EXCERPTED DATA:
-=-=-
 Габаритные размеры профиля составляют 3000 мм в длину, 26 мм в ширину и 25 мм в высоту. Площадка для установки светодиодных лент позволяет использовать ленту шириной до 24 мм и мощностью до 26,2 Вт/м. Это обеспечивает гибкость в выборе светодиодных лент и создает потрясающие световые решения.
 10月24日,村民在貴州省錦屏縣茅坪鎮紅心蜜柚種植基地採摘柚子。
-=-=-
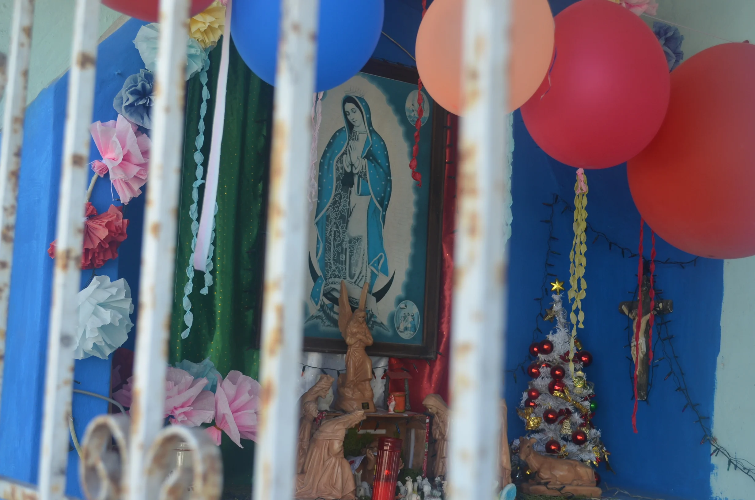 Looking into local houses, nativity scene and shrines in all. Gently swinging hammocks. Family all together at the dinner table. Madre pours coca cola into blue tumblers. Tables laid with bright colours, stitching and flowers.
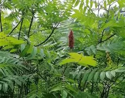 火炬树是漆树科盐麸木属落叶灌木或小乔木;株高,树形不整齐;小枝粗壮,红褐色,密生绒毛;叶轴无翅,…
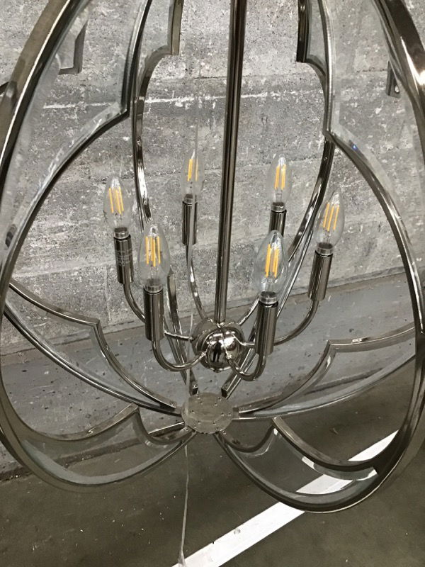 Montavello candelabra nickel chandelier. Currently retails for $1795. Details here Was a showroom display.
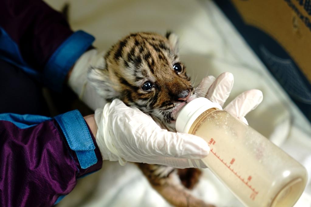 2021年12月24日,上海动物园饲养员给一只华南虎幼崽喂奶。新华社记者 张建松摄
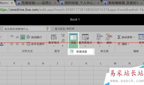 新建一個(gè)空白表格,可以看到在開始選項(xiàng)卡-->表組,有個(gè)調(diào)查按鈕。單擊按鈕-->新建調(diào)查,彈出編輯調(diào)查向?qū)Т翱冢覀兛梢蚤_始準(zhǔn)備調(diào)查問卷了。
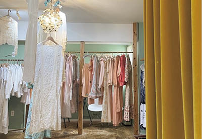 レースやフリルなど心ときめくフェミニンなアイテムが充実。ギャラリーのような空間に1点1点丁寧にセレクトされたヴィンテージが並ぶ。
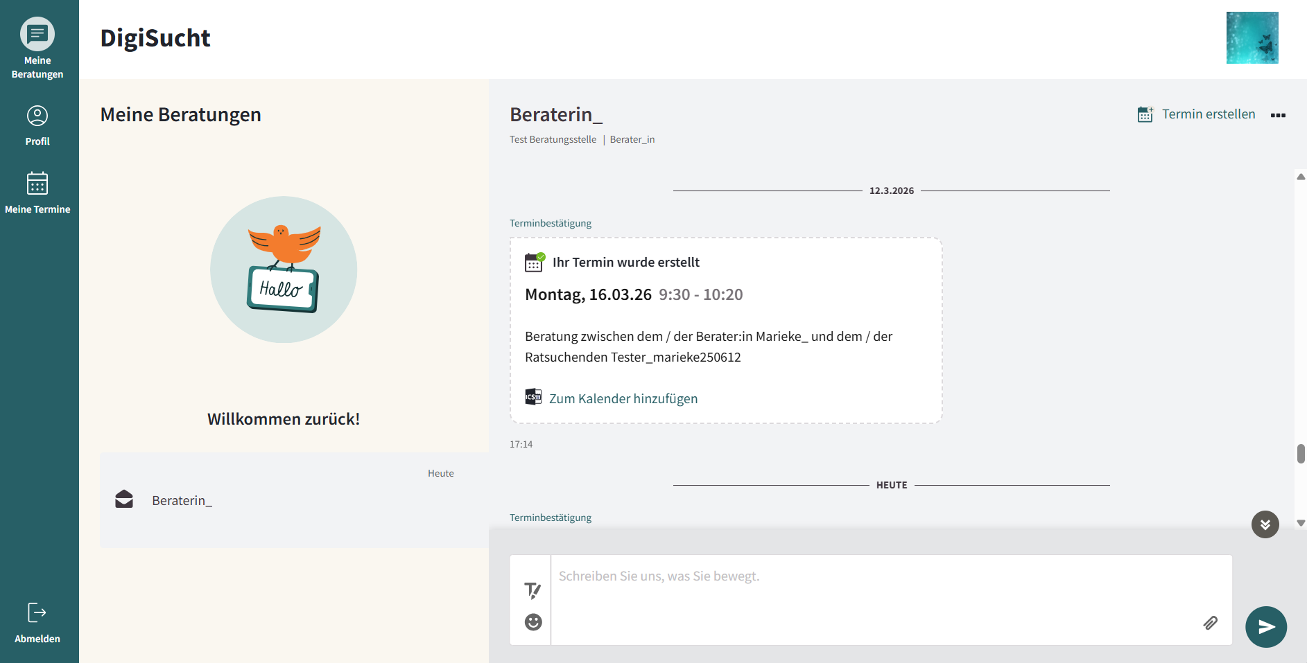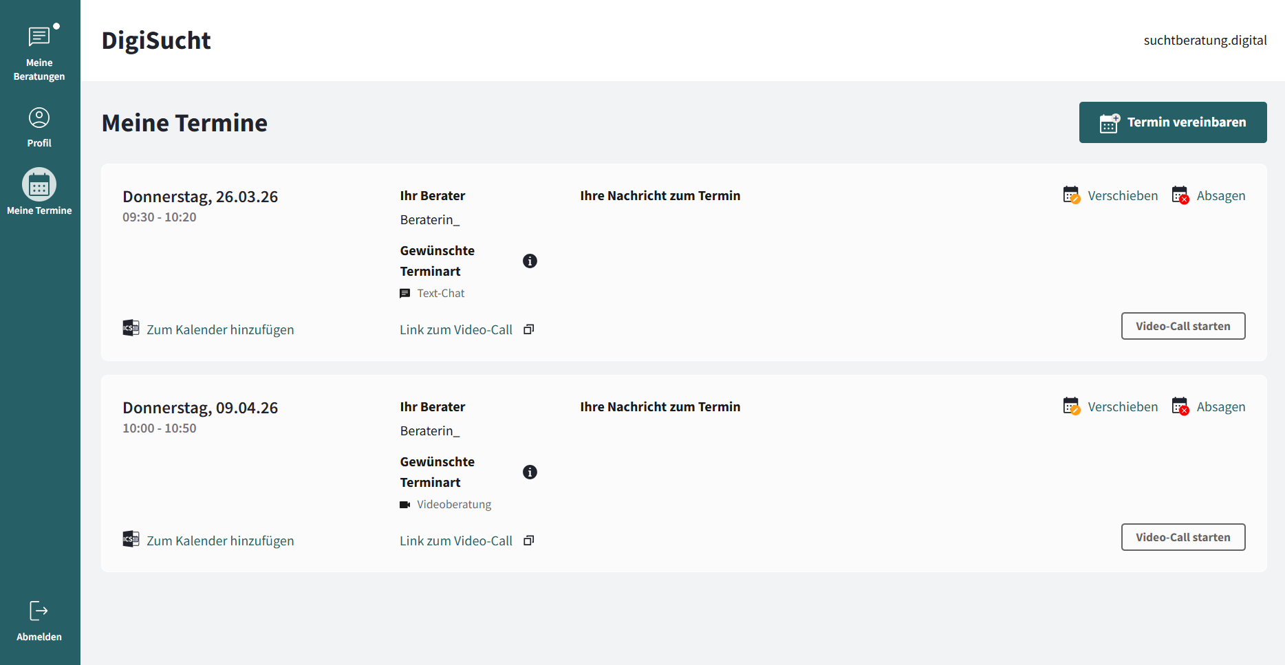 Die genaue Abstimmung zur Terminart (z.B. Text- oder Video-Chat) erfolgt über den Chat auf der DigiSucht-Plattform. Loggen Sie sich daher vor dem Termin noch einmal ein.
-=-=-
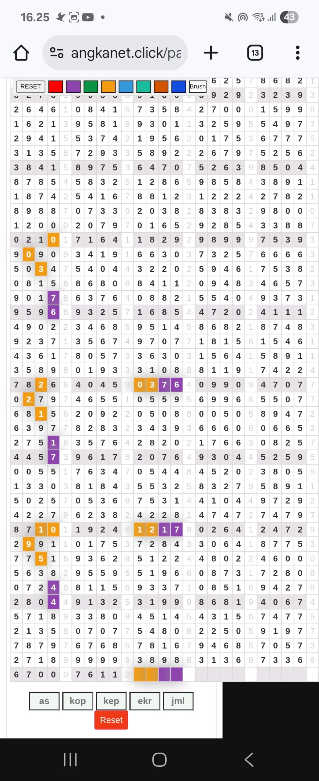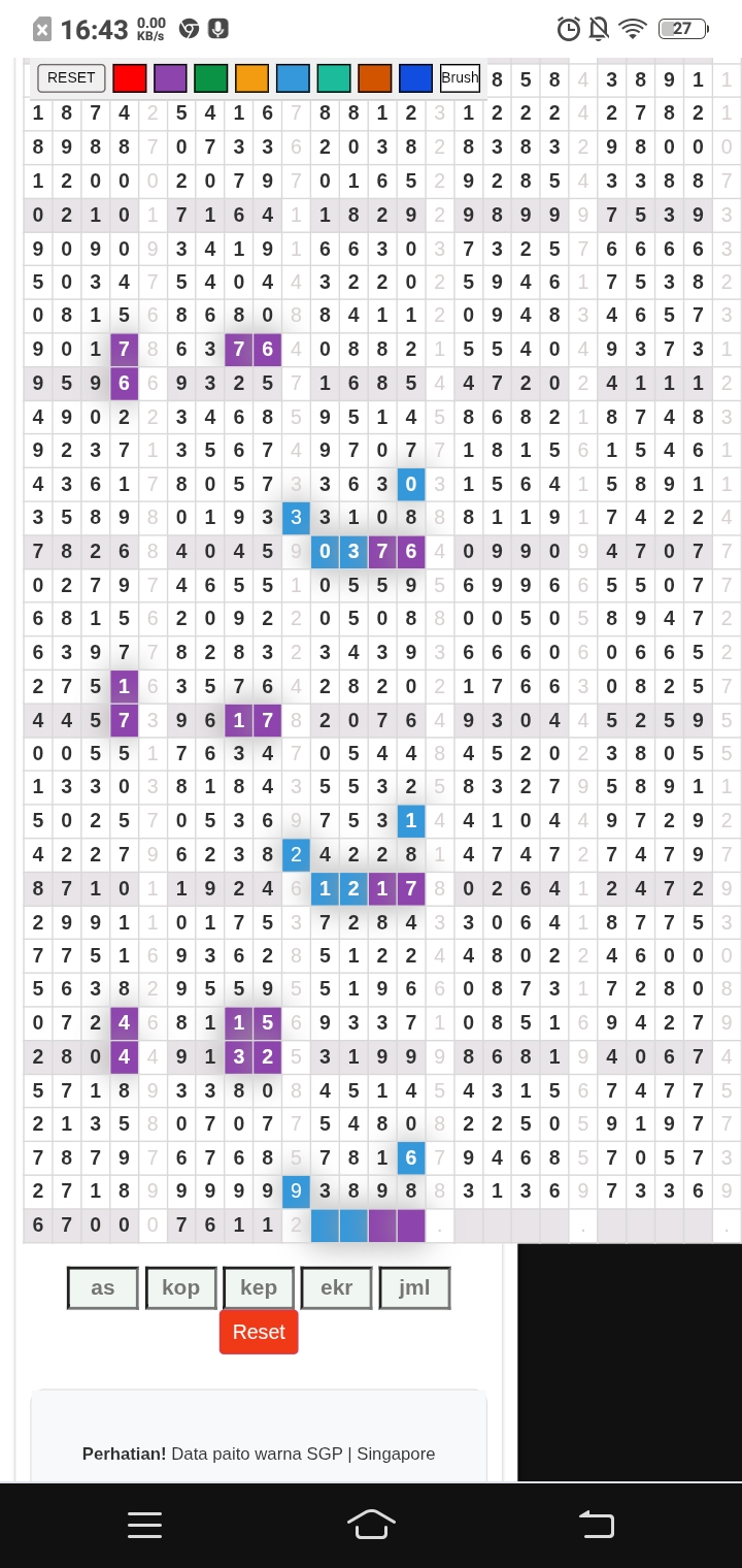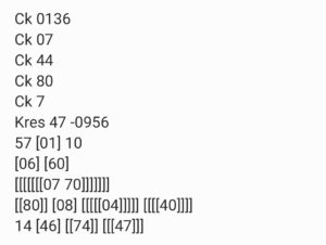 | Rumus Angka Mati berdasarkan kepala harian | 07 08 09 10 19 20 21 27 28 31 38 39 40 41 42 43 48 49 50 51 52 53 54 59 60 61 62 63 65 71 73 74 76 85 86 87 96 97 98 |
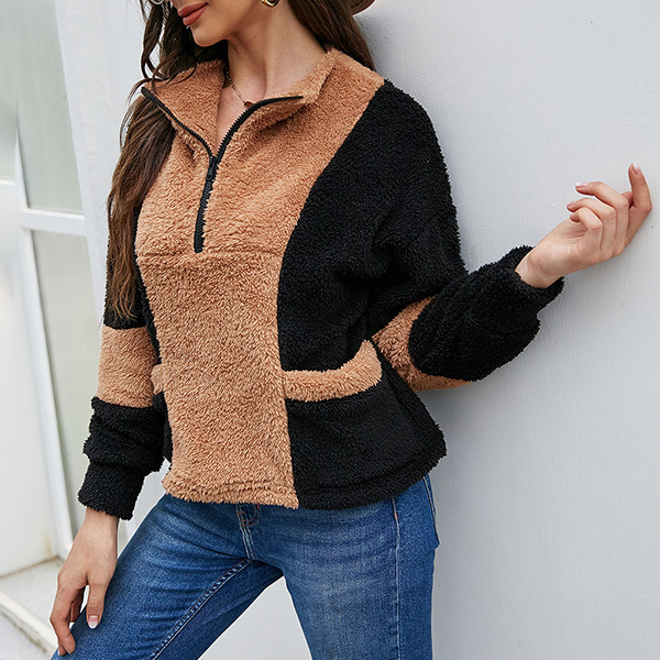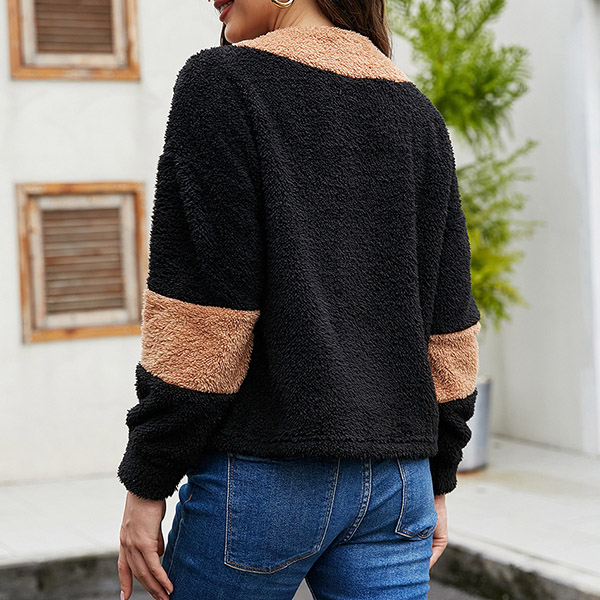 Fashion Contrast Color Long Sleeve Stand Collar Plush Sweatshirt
-=-=-
YOUR OBJECTIVE:
All pictures are to be skipped. Output, word for word, the lines in the data above starting at the line containing "レースやフリルなど心ときめく" and ending at the line containing "Die genaue Abstimmung".

RESPONSE AREA:
 レースやフリルなど心ときめくフェミニンなアイテムが充実。ギャラリーのような空間に1点1点丁寧にセレクトされたヴィンテージが並ぶ。
 Die genaue Abstimmung zur Terminart (z.B. Text- oder Video-Chat) erfolgt über den Chat auf der DigiSucht-Plattform. Loggen Sie sich daher vor dem Termin noch einmal ein.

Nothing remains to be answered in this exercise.